Lizzy beobachtete Darcy skeptisch. Er fühlte sich nicht wohl, soviel stand fest. Vielleicht hatte ihn ihre unerwartete Präsenz doch ein wenig überrumpelt. Na, da konnte sie ihm auch nicht helfen, ihr ging es ja im Grunde nicht anders.

»Wie läuft die PMA?«, fragte sie und nahm sich beiläufig einen Käse.

»Bestens, danke.« Darcy griff auch noch einmal zu und bewegte sich ein Stück weiter am Regal entlang.

Lizzy folgte ihm und packte ein paar Dinge ein, ohne richtig hinzusehen. Darcy tat es ihr nach.

»Du arbeitest jetzt in London?«, wollte er wissen.

»Vorerst, ja. Und weil Meryton ja quasi schon in einer anderen Zeitzone liegt, wohne ich auch hier. Also, wenn du mal Lust auf einen Kaffee hast …«

Er blieb stehen.

Das war es. Das war genau das Szenario, das er unbedingt hatte vermeiden wollen. Ein zufälliges Treffen, auf das ein geplantes Treffen folgen sollte. Es passte nicht, es passte ihm nicht! Er hatte gerade keinen Kopf für Gefühle, geschweige denn für Gedanken über Gefühle. London und Elizabeth waren unvereinbar.

»Ich glaube, das ist keine gute Idee.«

Lizzy zog eine Augenbraue hoch.

»Ich habe viel zu tun …«, setzte er nach, aber sie winkte bereits ab.

»Lass gut sein – es war nur ein Vorschlag.«

»Wie gesagt … ich halte es für keine gute Idee.«

Lizzy versuchte, in den dunklen Augen irgendeine Regung zu erkennen, aber Darcys Blick blieb verschlossen. Er wollte sie also wirklich nicht mehr sehen. Und, das musste sie sich ob des schmerzhaften Pochens in ihrer Brust leider eingestehen, es traf sie unvermutet heftig. Andererseits – der Darcy, der hier stand, war auch nicht der, den sie unbedingt hatte wiedersehen wollen. Und das ärgerte sie mehr, als dass es wehtat.
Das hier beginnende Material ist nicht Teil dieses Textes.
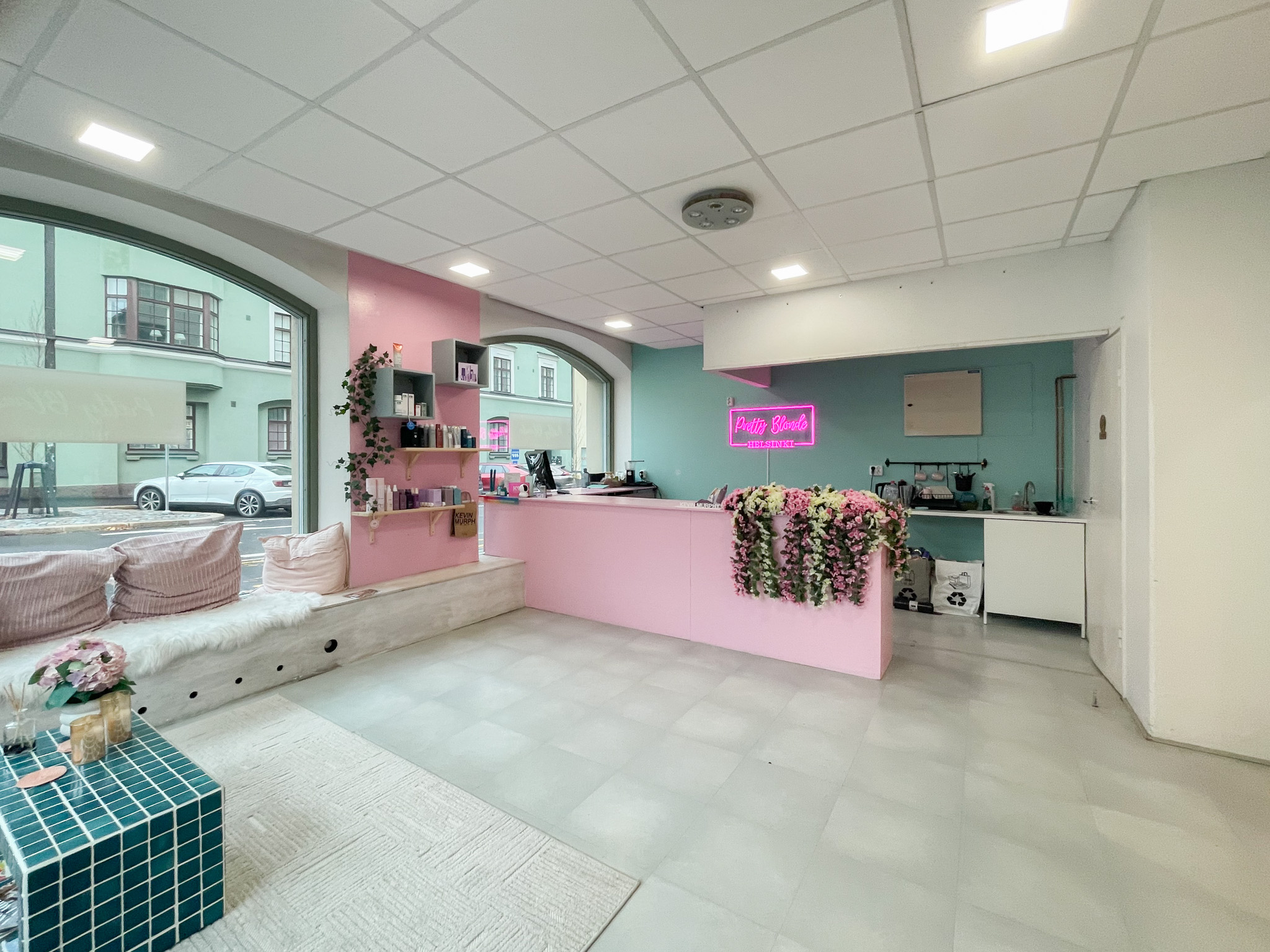 Tilassa on suuret näyteikkunat suoraan Mannerheimintielle, jotka tuovat runsaasti luonnonvaloa ja tarjoavat näkyvyyttä ohikulkijoille. Selkeä pohjaratkaisu ja korkea tila luovat avaran vaikutelman.

»Ja … ist vielleicht wirklich ganz großer Käse.« Sie warf einen pointierten Blick in seinen Einkaufskorb und sah ihn dann direkt an. »Du hast ja meine Nummer. Schönen Abend noch!«

Damit lief sie zur Kasse und verschwendete bis zum Verlassen des Supermarktes keinen einzigen Blick mehr an Mister Schlips.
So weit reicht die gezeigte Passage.